Mit diesem Statement drehte sich Leutnant Del Valle Vazalla wieder mit Angesicht den fünf Vertretern der Internierten zu. Er nickte dann wortlos.
Obwohl jeder die Worte des argentinischen Kommandanten gehört hatte, so hoffte jeder der Fünf, damit den Wünschen der Leute genüge getan zu haben. Mit diesen Angeboten konnte man auskommen, mehr war sicherlich unter den gegebenen Bedingungen und den Hoffnungen und Absichten der Internierten nicht zu verlangen.
Mister Barlow, als der Älteste in der Runde, nahm sich die Freiheit heraus, ein letztes Wort zu geben. "Mit Verlaub, Herr Leutnant, ich möchte mich auch persönlich bei Ihnen bedanken. Und bitte, vergessen sie uns dort in der Scheune nicht." Ein Lächeln unterstützte seine letzte Aussage.

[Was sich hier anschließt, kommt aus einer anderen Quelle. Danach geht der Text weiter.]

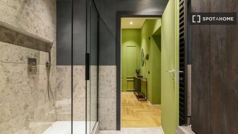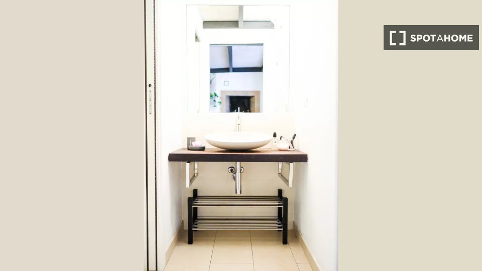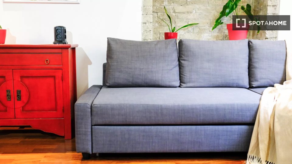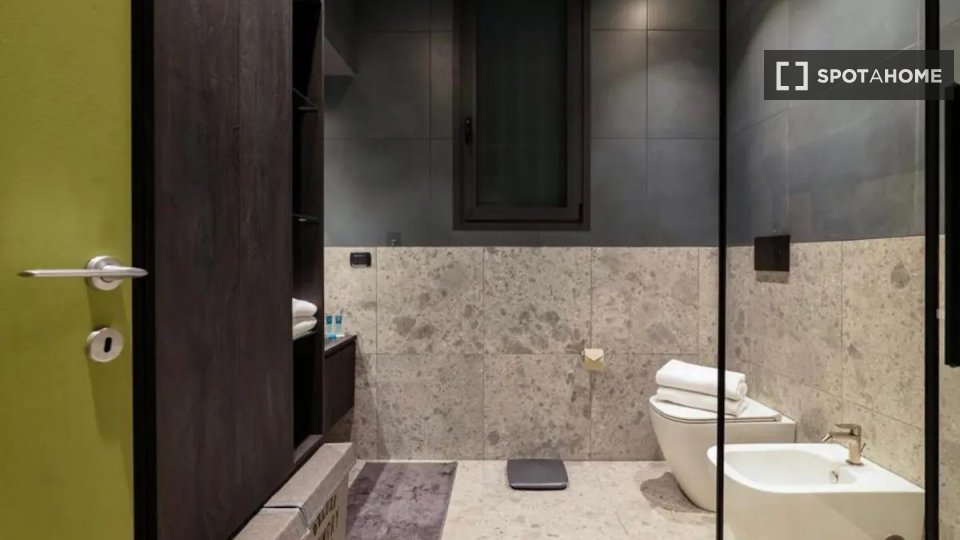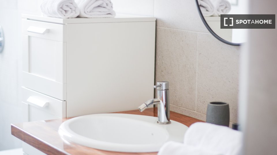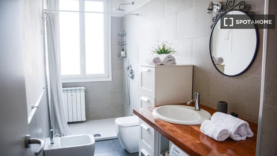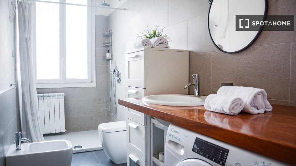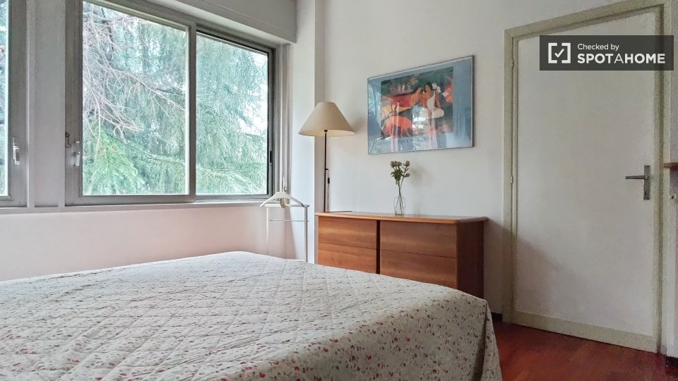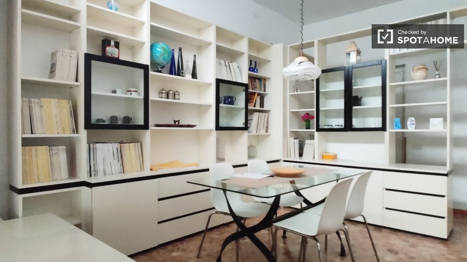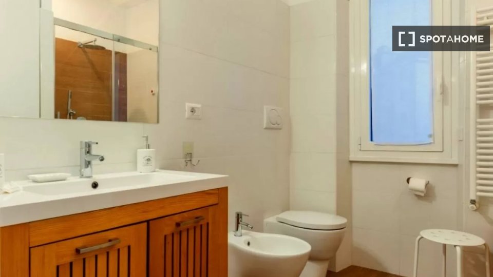 Questa camera in un appartamento condiviso con 3 camere da letto offre un'esperienza abitativa confortevole e ben arredata. L'appartamento è dotato di aria condizionata individuale e di un balcone per una maggiore comodità. La cucina attrezzata è ...

So wie man sich in den kleinen Raum herein gedrängt hatte, löste sich nun die Gesellschaft zur Tür heraus wieder auf.
George Miller dachte im Moment jedoch auch daran, dass seine wissenschaftlichen Ergebnisse und Messprotokolle noch in dem Versteck in Boca House lagen. An diese Unterlagen würde er nun vorerst nicht persönlich gelangen können. Doch dies war angesichts der Gefahren für Samantha, für ihn selbst und auch die vielen anderen Internierten wohl etwas, was er in Kauf nehmen konnte.
So geschah es, dass binnen weniger Stunden die Internierten selbst all ihr Hab und Gut in die große Feldscheune am Ort brachten und dort das Notwendige für die folgende Zeit vorbereiteten. Es war kalt und sehr beengt, aber es war besser als mit Zielscheiben auf dem Rücken im Gemeinschaftshaus auszuharren.
Am Abend waren auch die zwei Koffer und einige Decken vom Boca House den Millers übergeben worden.
All dies geschah an diesem Tag im Mai unter dem stetigen Donnergrollen in der Ferne und dem Motorengeheul der landenden und startenden Flugzeuge vom Flugfeld in Goose Green.